Bau: There are a couple of things to know, and things that readers or listeners might have heard of. Let me first emphasize that these really large neural networks are not that different from the classifiers that we have worked with for 50 years, other than the fact that they are bigger. From a technological point of view, from the way it is built, a language model is a classifier. It solves a slightly more open-ended classification problem than we solved previously, but it fundamentally just solves repeated classification problems. And what is the classification problem? It is this big multiple-choice question: what is the next word?

Is the next word cat? Is the next word dog? It is not a two-way choice that the language model is facing. We typically give a language model a vocabulary of something like 50,000 words, syllables, and letters. We tell the language model, you have this 50,000-way choice. What is the next word that is the right answer in this context? As input, we give the language model all the previous words, and we ask it, tell me what you think the right next word is.

So it is just a classifier, just like we trained classifiers to tell the difference between cats and dogs. But the scale of modern parallel computing GPUs has allowed us to make these classifiers capable of doing larger-scale classification problems. The outputs are bigger—there is a 50,000-way choice instead of a two-way choice or a ten-way choice, which we might have traditionally done. The inputs are bigger—instead of just one image or one sentence, we can feed these models entire books, entire histories of text, for them to look at to decide what the next word should be.

There have been a couple of key architectural innovations that allow these models to consume and learn to use such huge inputs and solve open-ended output problems. But fundamentally, they are just neural networks, a bunch of neurons connected in the same way that Rosenblatt was connecting neurons in the 1950s.

Mounk: So you think it is basically the same as what we were using 80 years ago, which is astonishing. But there have been a few technological innovations that allow these models to consume so much information and therefore go beyond the limits of earlier models. Can you give us an example, or is there a particularly important innovation in that respect?

Bau: I think that one of the things that has happened in recent years is the rise of a particular neural network architecture strategy called the transformer, which has really taken over the industry. There used to be a wide variety of different neural network architectures, but more and more we are converging on using transformers for everything. The fundamental thing that transformers do is introduce a form of short-term memory that we call attention.

What this means is that instead of the models only consulting what they learned during training, the models develop the ability to learn from the inputs they are provided. Let me give you a simple example.

If there was a particular person that you were asking the language model about, then with traditional training you would expect that language model to only be able to answer questions about that person if information about them appeared in the training data. But in real life, you often have situations where somebody asks you a question about a person you just met. You did not meet this person in your childhood. You did not read about them in school. You just had a conversation with them, and then somebody asks you about the person, and you have to answer now. This kind of short-term reasoning is something that traditional neural networks are not very good at.

What the transformer architecture does is introduce a special way of connecting the neurons called an attention layer, which allows the network to look back at previous things that happened recently in the input and use them as a type of memory, manipulating those memories and reasoning about them. This has turned out to be so powerful that you can really think of transformers as a different class of neural networks. It was a major innovation.

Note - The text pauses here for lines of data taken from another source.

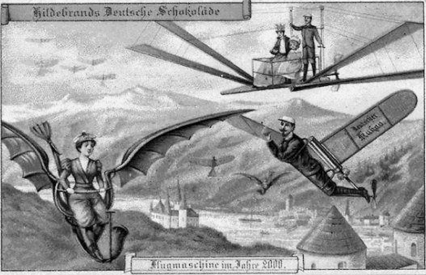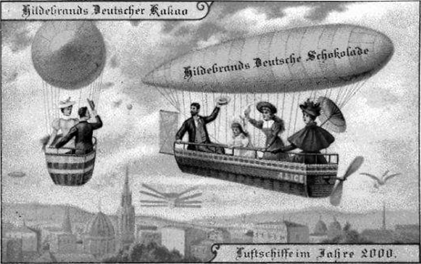 史学研究是波浪形前进的。自司马迁以来,宏大叙事与微观研究一直在交替出现;即便是近代以来,这样的现象依旧存在。这不以意识形态为转移,而是人类思维的普遍规律。摆脱史料话语权的中心主义,揣摩史料中“主观意识表达”之外的无意识心态才是目下当务之急。在这个过程中,微观研究不可或缺,甚至是目前的主要任务之一。在此笔者与诸位读者分享几幅图画,1900年德国巧克力公司Hildebrands绘制的“畅想21世纪”明信片,这里直观、生动地展示了什么是“主观意识表达”之外的无意识心态: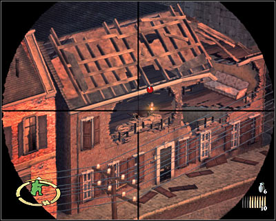 You will be standing in the exact same spot where the sniper was hiding (1 on the map). This objective is divided into three parts. You will have to defend against three waves of enemy attacks and you'll watch short cut-scenes between the waves. Before you even start attacking enemy units, you should think about how to play this out. It's much easier to be standing behind a small wall [#141], however you will have problems if someone manages to get closer to the factory. If this occurs, you'll have to leave the cover for a second or two to make the shot.
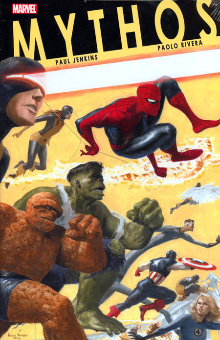 Written by PAUL JENKINS Penciled by PAOLO RIVERA All New Cover by PAOLO RIVERA Showcasing the origins of the greatest heroes in the Marvel Universe! See how Spider-Man's super-hero career began! Learn how the Fantastic Four became the team they are today! Witness the origin and earliest days of the Hulk and Ghost Rider! Revisit Steve Rogers' transformation from a weakling with a heart of steel to the Sentinel of Liberty, Captain America! Experience the first encounter between the X-Men and their ultimate nemesis, Magneto! Paul Jenkins tells the tales, while Paolo Rivera delivers the beautiful fully painted artwork. Collecting MYTHOS: SPIDER-MAN, HULK, FANTASTIC FOUR, GHOST RIDER, CAPTAIN AMERICA and X-MEN. 152 PGS.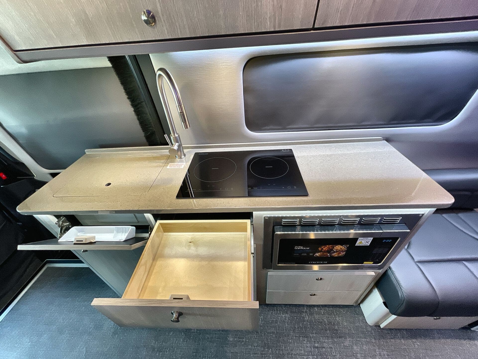 - Key features: Microwave, Refrigerator, Stove Top Burner, Air Conditioning, Batteries, CO Detector, Fire Extinguisher, LP Detector, Smoke Detector, TV, Kitchen Sink, Overhead Cabinetry, Shower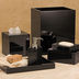 Коллекция изготовлена из эбенового дерева в глубоком темно-коричневом цвете с малейшим намеком на зернистость. Каждый предмет многоступенчато покрыт блестящим лаком.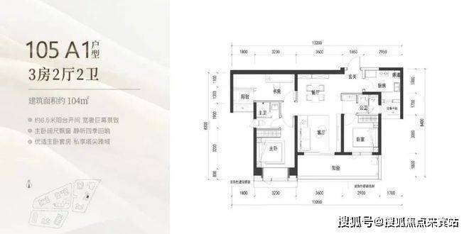 105㎡有两个户型,分别为A1双龙抱珠以及B户型传统竖厅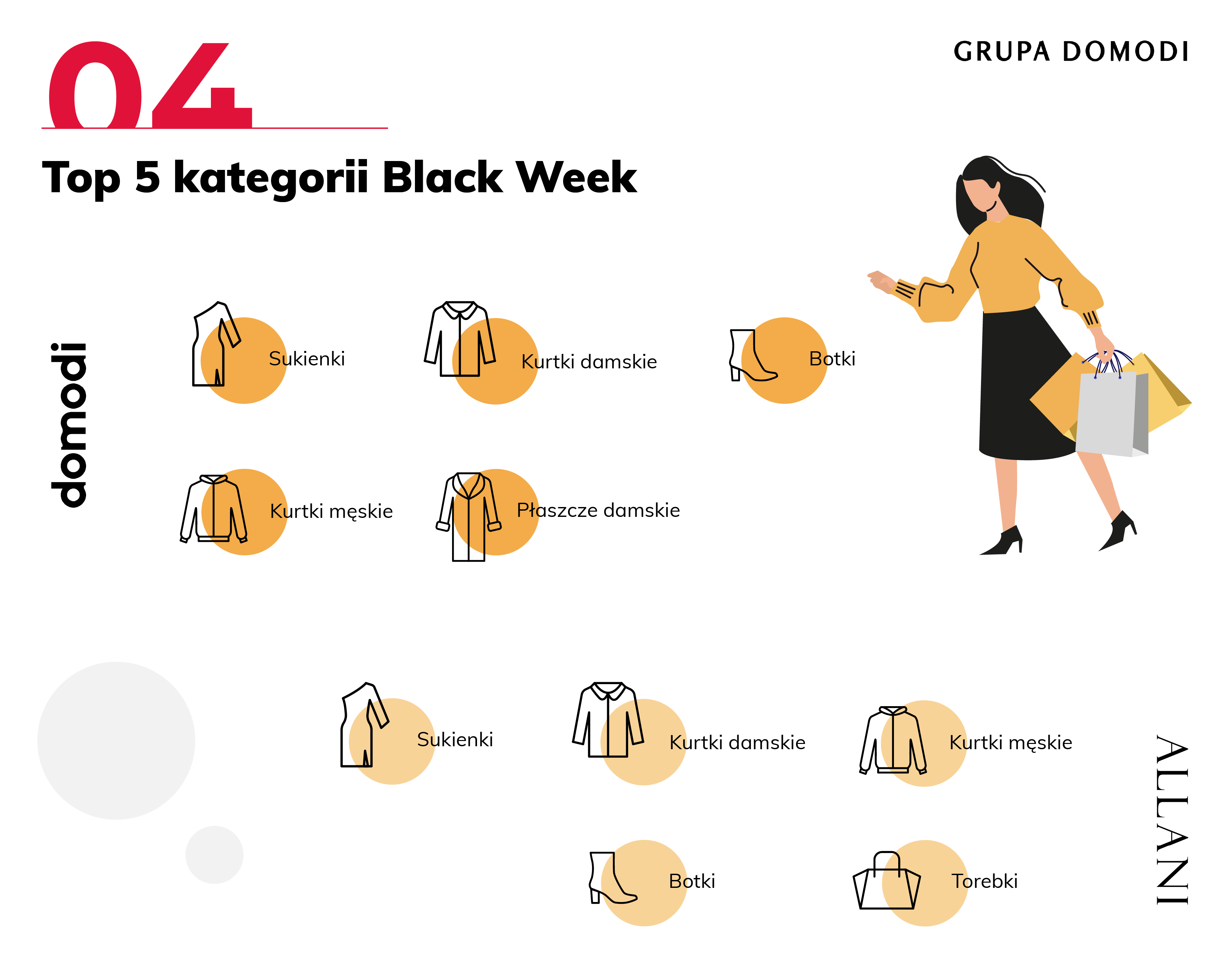 – Pod względem kategorii zakupowych użytkownicy Grupy Domodi są konsekwentni w swoich wyborach i już od lat obserwujemy, że wśród najchętniej kupowanych produktów podczas Black Week królują sukienki oraz kurtki damskie i męskie. W tym roku wysoką pozycję osiągnęła także kategoria obuwie, a konkretnie botki, które równie chętnie kupowane były na obu platformach należących do Grupy Domodi. Natomiast Top 5 najlepiej sprzedających się kategorii zamykają dla Domodi.pl – płaszcze damskie, a dla Allani.pl – torebki – komentuje Martyna Głowińska-Gryglewska, head of marketing & communications Grupy Domodi.
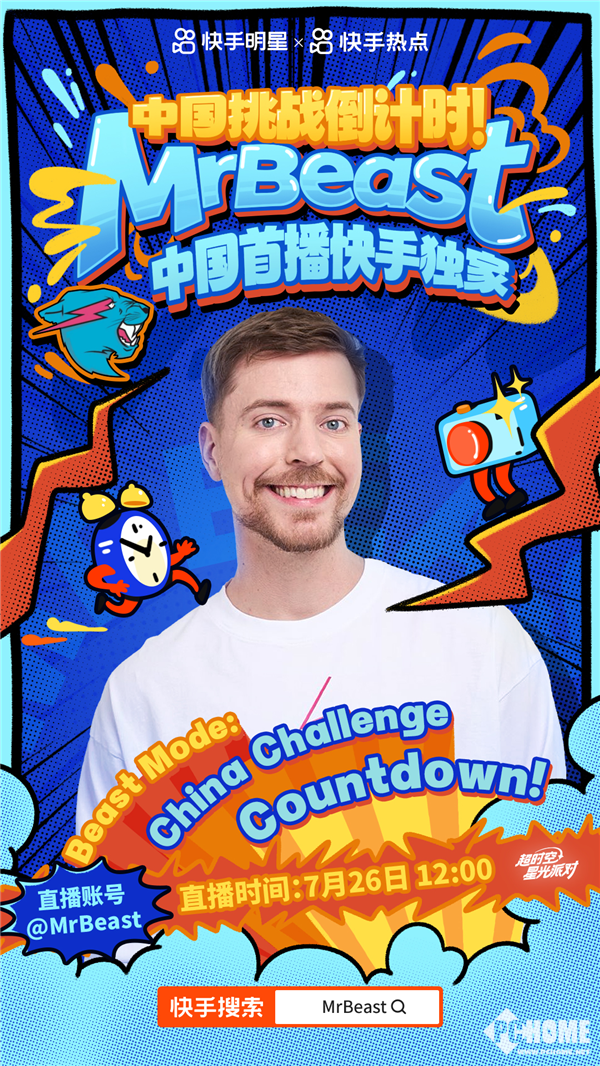 7月23日,近日号称“全球第一网红”的海外顶流博主野兽先生(MrBeast)宣布将在美国隔空开启其中文互联网平台直播首秀,并定于7月26日在快手播出。

Mounk: So the difference, if I think in terms of my interaction with something like ChatGPT, Claude, Grok, or any of the other AI models, is this: if the model did not have a transformer, the problem would be that every question I asked it would be answered the same way it would have been before I started the conversation. It would essentially be difficult to have a back-and-forth conversation.

The transformer is what allows it to keep a conversational context in mind and to have an ongoing, progressive conversation. Or did I misunderstand that?

Bau: I think that is right. The transformer has really made it possible to teach the neural network things by telling it something, rather than being in control of the whole training process. When you have a conversation with a person, you are constantly learning and teaching the other person your ideas. You are sharing your concepts, sharing your understanding of the world with the person, and they absorb it. That allows the conversation to proceed.

Transformers allow a neural network to develop the ability to have the same kind of conversation, to develop an understanding during the course of a conversation, to learn things in the short run that it uses to make immediate responses, and to recall things that happened recently, as opposed to only relying on long-term memory.

Transformers were not the first architecture to try to do this. There were architectures proposed in the 1980s to do this, called recurrent neural networks (RNN). You might have heard of LSTMs, long short-term memory networks. The idea that you should have a short-term memory, that you should be able to solve problems in this way, is not totally new.

What a transformer does is make it efficient to train networks that can do this. It was an innovation that showed this old idea could be made practical and scaled up in a big way.

Mounk: Technically, can somebody with a computer science background understand how the transformer does that? Or do we get into areas that are too complicated to understand?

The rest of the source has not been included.